American english doesn't use them as much. But british english uses them more. English spoken by someone from finland, sweden or norway would use them even more
According to Wikipedia, bu-chuo is a Chinese litotes
You're quite not wrong :)
> If I'm understanding the author's account of Chinese assertion-by-negation correctly, doesn't it sound like assertion-by-negation is the ordinary case in that linguistic tradition, and it's the assertive case that jars the ear?
No?
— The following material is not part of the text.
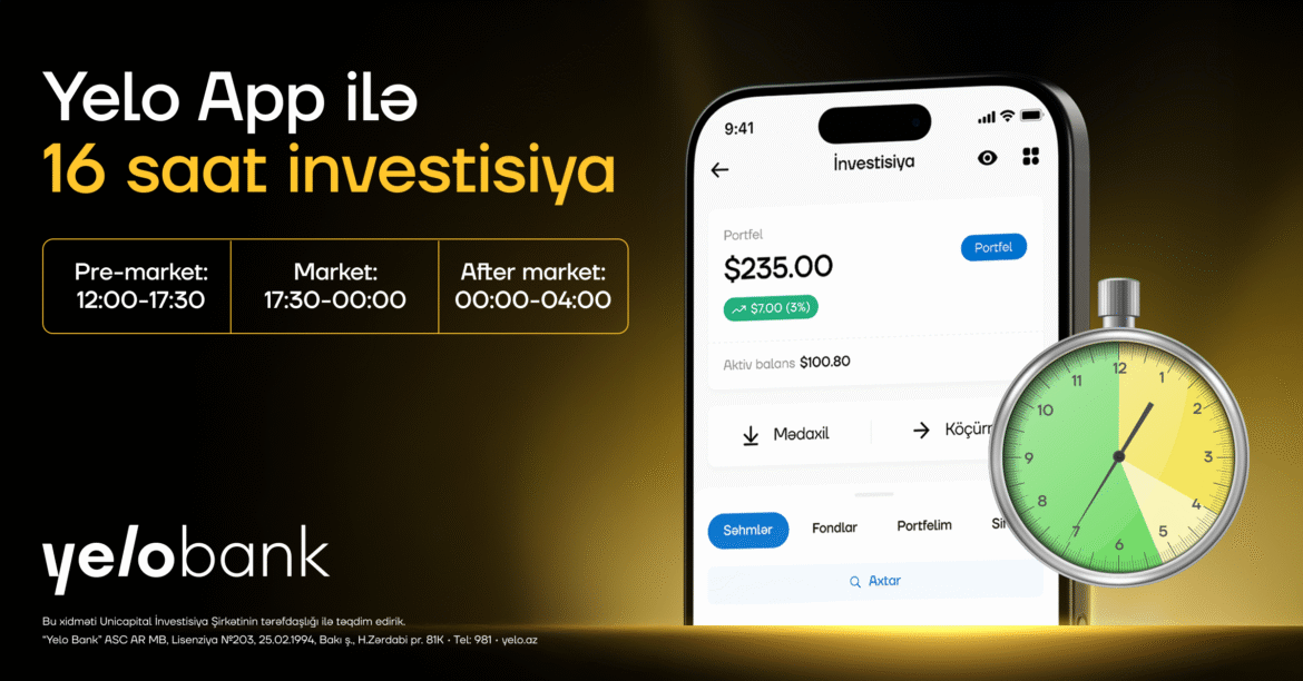 Yelo Invest ilə indi səhmlərə daha çox nəzarət, daha çox rahatlıq və daha çox fürsət sənin əlindədir. Sən də Yelo Invest xidmətindən faydalanıb, əlavə gəlir qazanmaq üçün Yelo App-i yüklə: https://bit.ly/44kUcc0.

Assertion by assertion is the ordinary case, just like you'd expect for everything.
But it's easy to say 他没猜错, because it takes advantage of a common element of Chinese grammar that doesn't match well to English.
Think of 猜错 as a verb with an inherently negative polarity, like "fail" or "miss". There is no difficulty in saying "he didn't miss", even though there is difficulty in saying "he didn't not hit" and missing is always the same thing as not hitting. 猜错 is similarly easy to use. (Though it's less opaque; it is composed of the verb 猜 "guess" and the verbal result complement 错 "wrong".)
The opposite of 猜错 is 猜对 ("guess right"), and it's very common.
I think it's especially American English that doesn't use litotes as much as British English or the other Western European languages.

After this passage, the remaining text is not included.